The report does not argue that people should be free to do anything they want online regardless of consequences. Rather, restriction of speech or interference in peoples’ privacy should be “necessary and proportionate,” based on clear legal authority to address a specific threat or crime, and should be as narrowly tailored as possible. Accountability mechanisms are key. Recommendations to governments and companies include:

  • Laws and regulations affecting online speech must undergo due diligence to ensure they are compatible with international human rights norms.

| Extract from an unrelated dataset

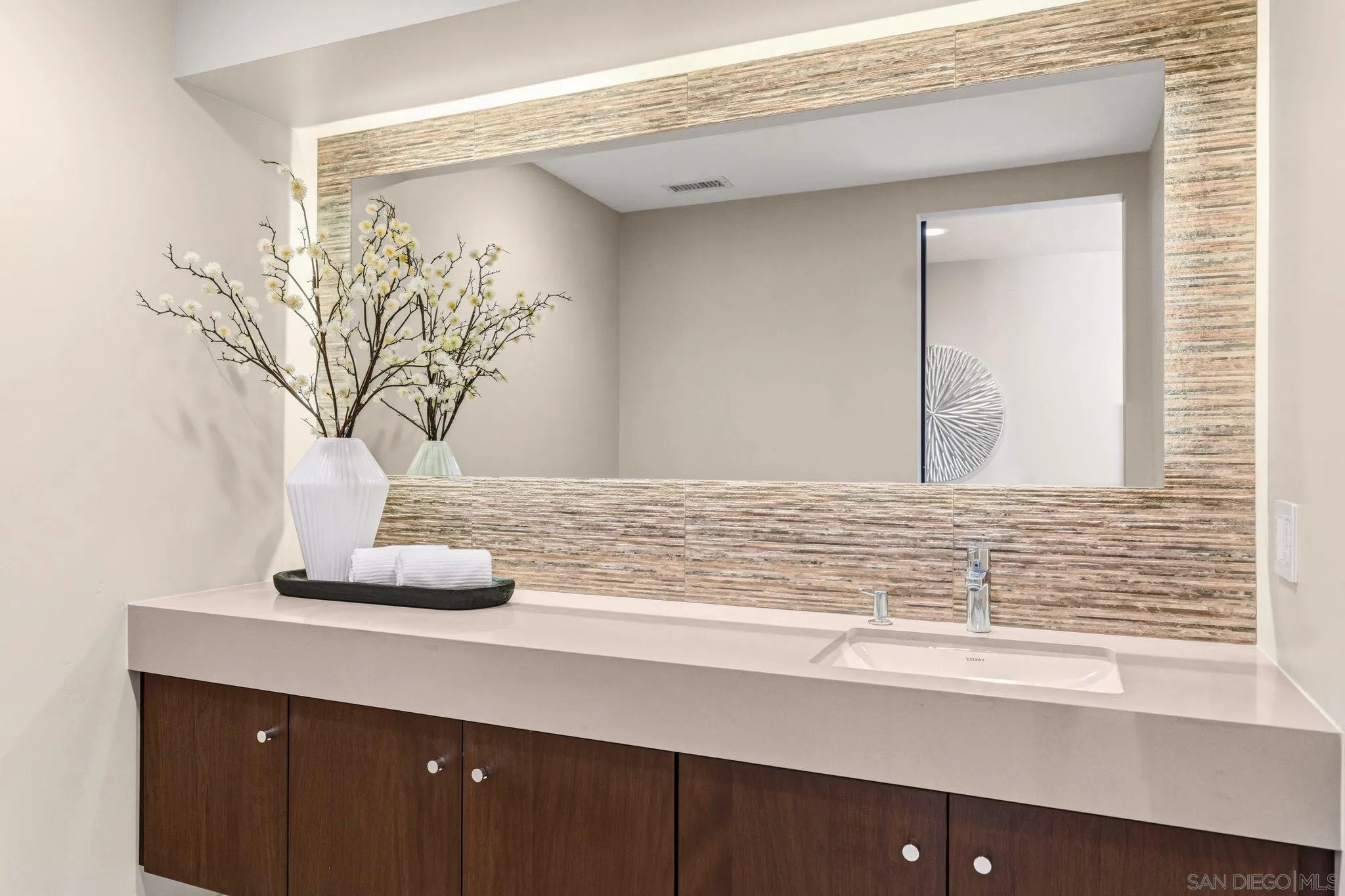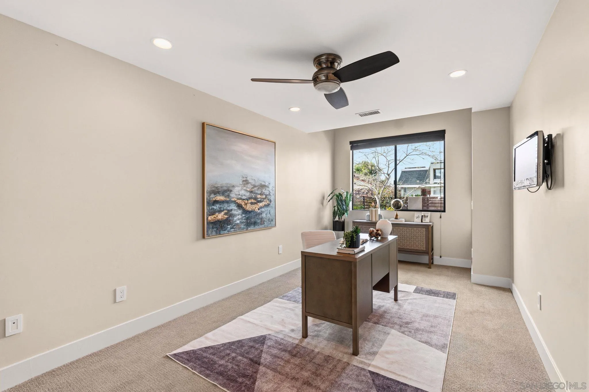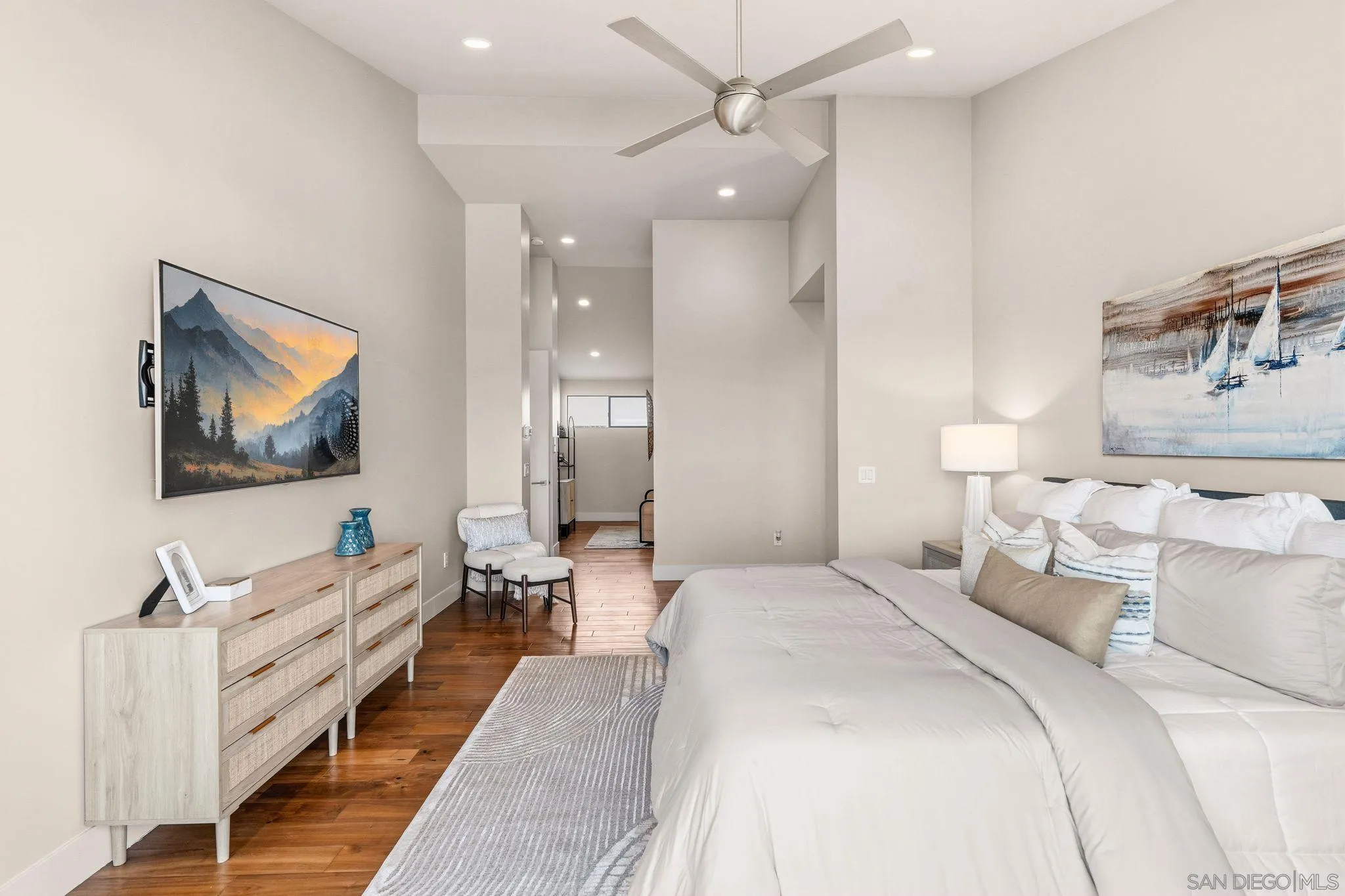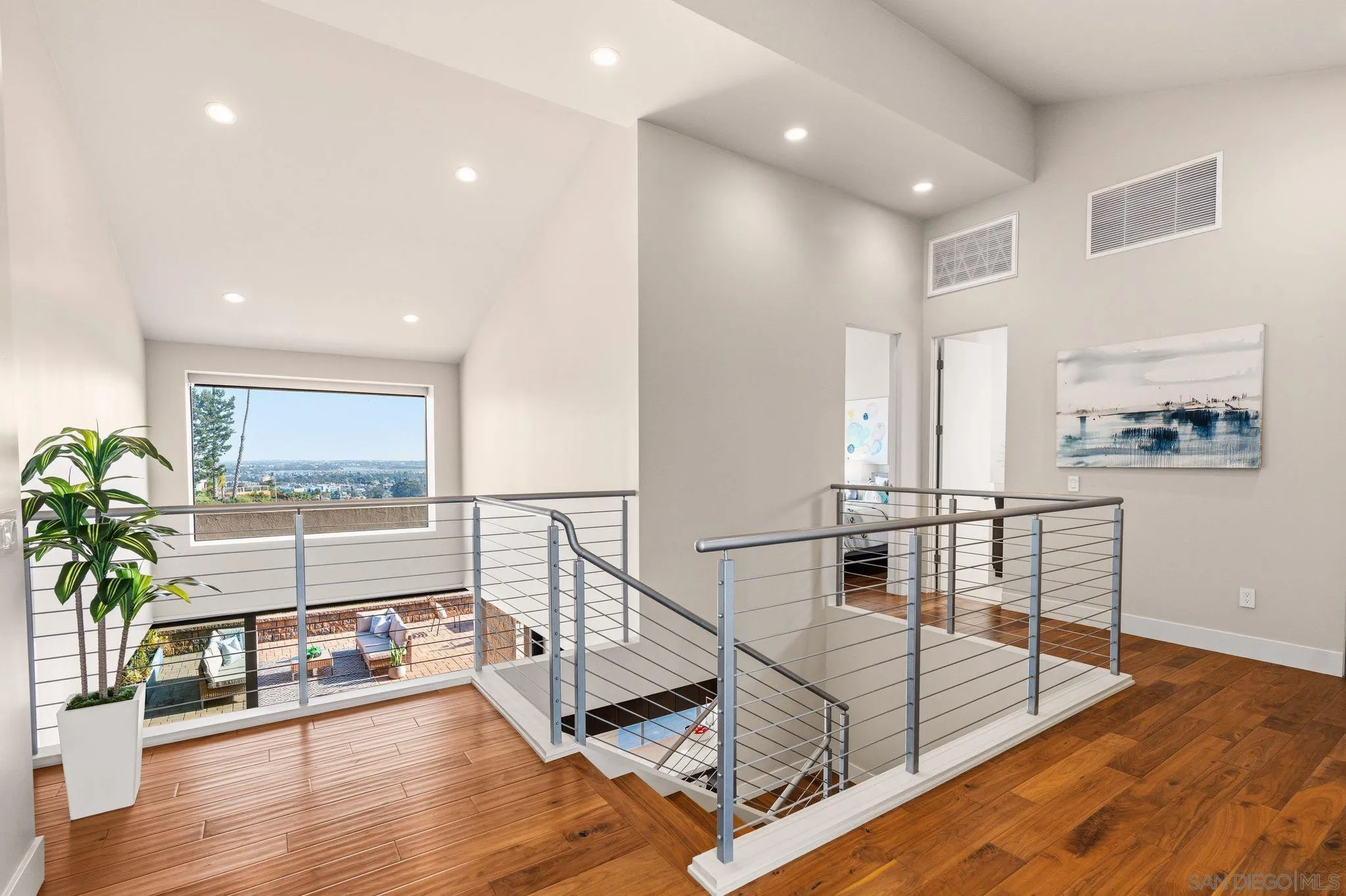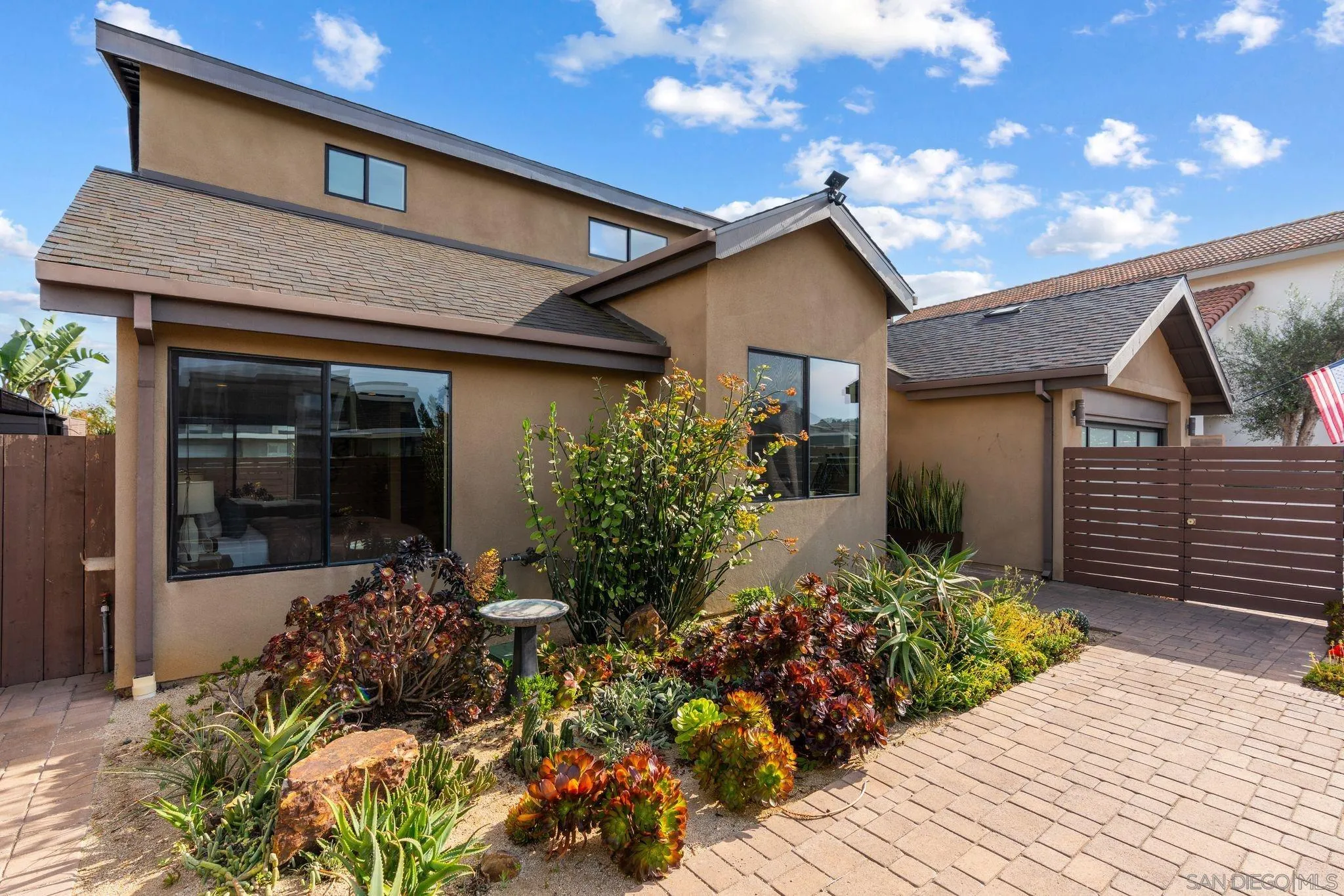 This exceptional contemporary home offers much more than just its impressive views, it truly feels like you are living at a resort.Completely remodeled from the foundation up in 2014, every detail of this permitted renovation blends high-end finishings with a tranquil sophisticated design.Curb appeal begins by walking through an inviting fenced courtyard leading to a welcoming Western Glass Pivot front entry door and sleek frosted glass garage doors.The exterior is engineered for low-maintenance luxury, featuring custom pavers, a dedicated 35 RV parking space with full hookups, & a sustainable landscape including a butterfly garden & a mini-orchard of Passion Fruit, Dragon Fruit, and citrus trees.Gourmet kitchen with custom Walnut-stained cabinetry with natural quartz slabs,& oversized island. The professional-grade Thermador appliances include a 6-burner gas range with a flat griddle, plus a separate refrigerator and freezer.Enjoy the seamless indoor/outdoor living with panoramic multi-slide glass doors, leading out to the spacious covered patio with the indoor/outdoor fire area a perfect place to watch the Seaworld fireworks. The additional gas fire pit and built-in Big Green Egg BBQ/smoker make entertaining effortless. Sonos sound system downstairs and in the backyard.The backyard is pet friendly with a large designated dog run. Ample storage throughout with custom closet organizers and huge easily accessible walk-in storage room. Primary suite offers vaulted ceilings, soaking tub, impressive walk-in closet , private balcony & an attached multi functional room.

  • Policies at the national, regional, and international level that affect online speech need to be developed jointly by representatives of all affected stakeholder groups (such as industry, civil society groups, and technical experts).
  • Transparency about censorship is just as important as transparency about surveillance. Transparency from governments and companies about how their censorship and content restriction processes work, in addition to public reporting about the amount and nature of content being restricted, is essential to prevent abuses and improve accountability.
  • Companies that “self-regulate” by using private terms of service to restrict content that the law does not forbid, or which comply with extra-legal blacklists generated by non-governmental groups, must be transparent with the public about what is being restricted, under what circumstances, by whose authority.
  • Governments and companies need to set up effective mechanisms for people to report abuses and grievances, as well as processes through which aggrieved parties can obtain redress.

Organizations such as Freedom House and the World Wide Web Foundation annually rank governments on how well they protect Internet users’ rights. Ranking Digital Rights is in the process of developing a parallel methodology to measure and compare companies’ respect for users’ rights around the world. Our first public ranking is scheduled for launch in late 2015. The UNESCO research helped our team refine our thinking about what standards companies should be expected to uphold despite the challenging and constantly changing patchwork of legal environments in which they operate.